3.4.1 Simple Random Sampling

Simple random sampling uses phase-II selection probabilities that are the same for all individuals irrespective of their phase-I data: i.e. π(Y, V; δ) = P R for some constant P R . The data that arise from this design are MCAR. This naive sampling scheme does not exploit information available in the phase-I data and so it will be used as a baseline to assess the efficiency gains of more sophisticated designs.

3.4.2 Balanced Sampling

Breslow and Cain (1988) and Breslow and Chatterjee (1999) advocate a balanced sampling design. Phase-I data are used to stratify the sample, and the phase-II sample is chosen to contain the same number of individuals from each stratum. This design is not optimally efficient but is thought to offer a “reasonable compromise between the competing demands of efficiency and the need to check model assumptions” (Breslow and Chatterjee 1999).

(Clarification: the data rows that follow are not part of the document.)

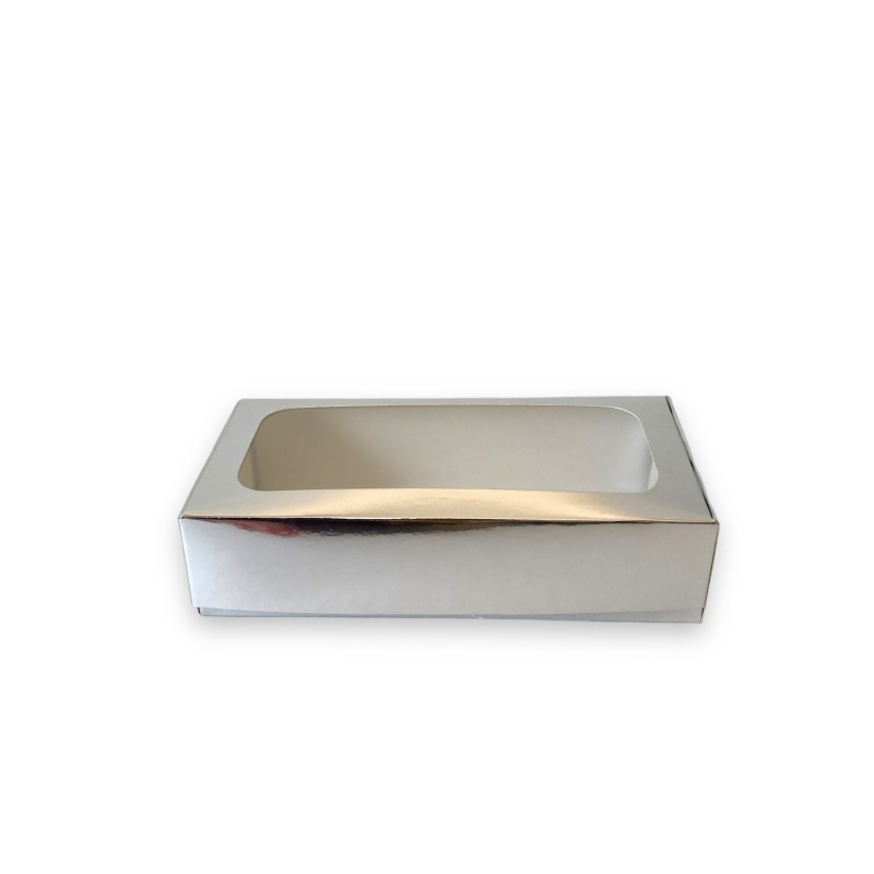 Коробка для макаронс з вікном, срібло.
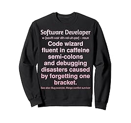 - Funny software developer design for coders who debug chaos, chase deadlines, and turn caffeine into code. Perfect for developers who laugh through bugs, fixes, and mysterious errors. Great gift for programmers, software engineers, and tech teams. Ideal for sprints, office fun, or anyone who jokes about late commits, endless debugging, and the roller-coaster life of coding. This Software Developer item is designed by Programmer Software Developers Gifts & Tees.
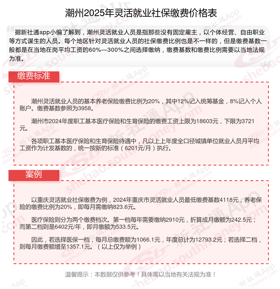 二、潮州2024年灵活就业社保缴费基数及比例最新消息
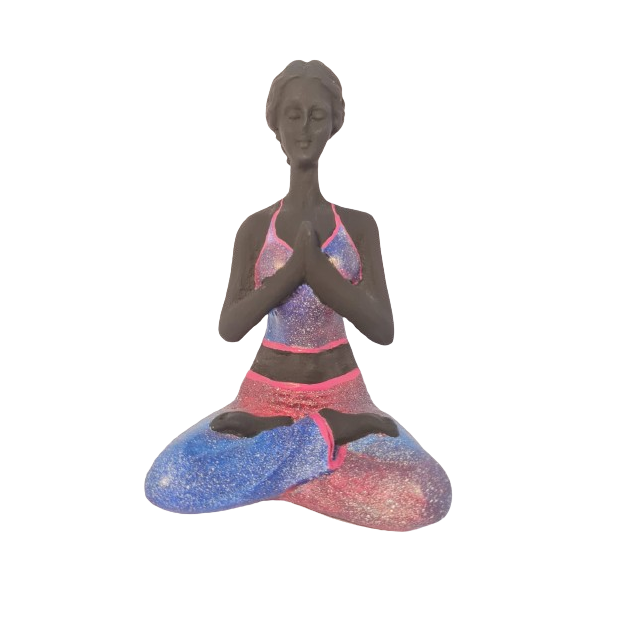 Bailarina Yoga Yogui Pernas Cruzadas Orando Degradê Azul Roxo e Rosa - Peça em Gesso Azul Roxo e Rosa

It is not always clear how the phase-I data should be used to stratify the sample. For the clustered data problem, we will consider two balanced sampling designs. In the first balanced sampling design, the phase-I sample will be divided into the eight classes defined by all possible values of (Y 1, Y 2, V ). However, since we are defining efficiency in terms of the variance of the estimator of β x , and (8) assumes a common effect of X on either response, it may be more in the spirit of the balanced design to sample equally from the six strata defined by (Y 1 + Y 2, V ); therefore, we also consider this second balanced design when analysing the clustered data. Note that in our asymptotic calculations, these designs are based on expected phase-I stratum sizes, which come from having knowledge of the true parameters at the design stage.

3.4.3 Optimal Likelihood Sampling

If \(\hat{\theta }\) is the estimator of θ = (α ′, β ′) which maximizes (2) and is estimated from data obtained with phase-II selection probabilities defined by δ, then asymptotically

$$\displaystyle{\sqrt{N}(\hat{\theta } -\theta ) \sim N(0,\mathcal{I}_{\theta;\delta }^{-1}\Gamma _{\theta;\delta }\mathcal{I}_{\theta;\delta }^{-1}),}$$

where \(\mathcal{I}_{\theta;\delta } = E\big[-\partial S_{i}(\theta )/\partial \theta ^{\prime}\big]\), \(\Gamma _{\theta;\delta } = E\big[S_{i}(\theta )S_{i}^{\prime}(\theta )\big]\) and S i (θ) is the score function corresponding to the observed-data likelihood in (2). We say that this estimator has asymptotic variance \(\mathcal{I}_{\theta;\delta }^{-1}\), since \(\mathcal{I}_{\theta;\delta } = \Gamma _{\theta;\delta }\) (Cox and Hinkley 1974).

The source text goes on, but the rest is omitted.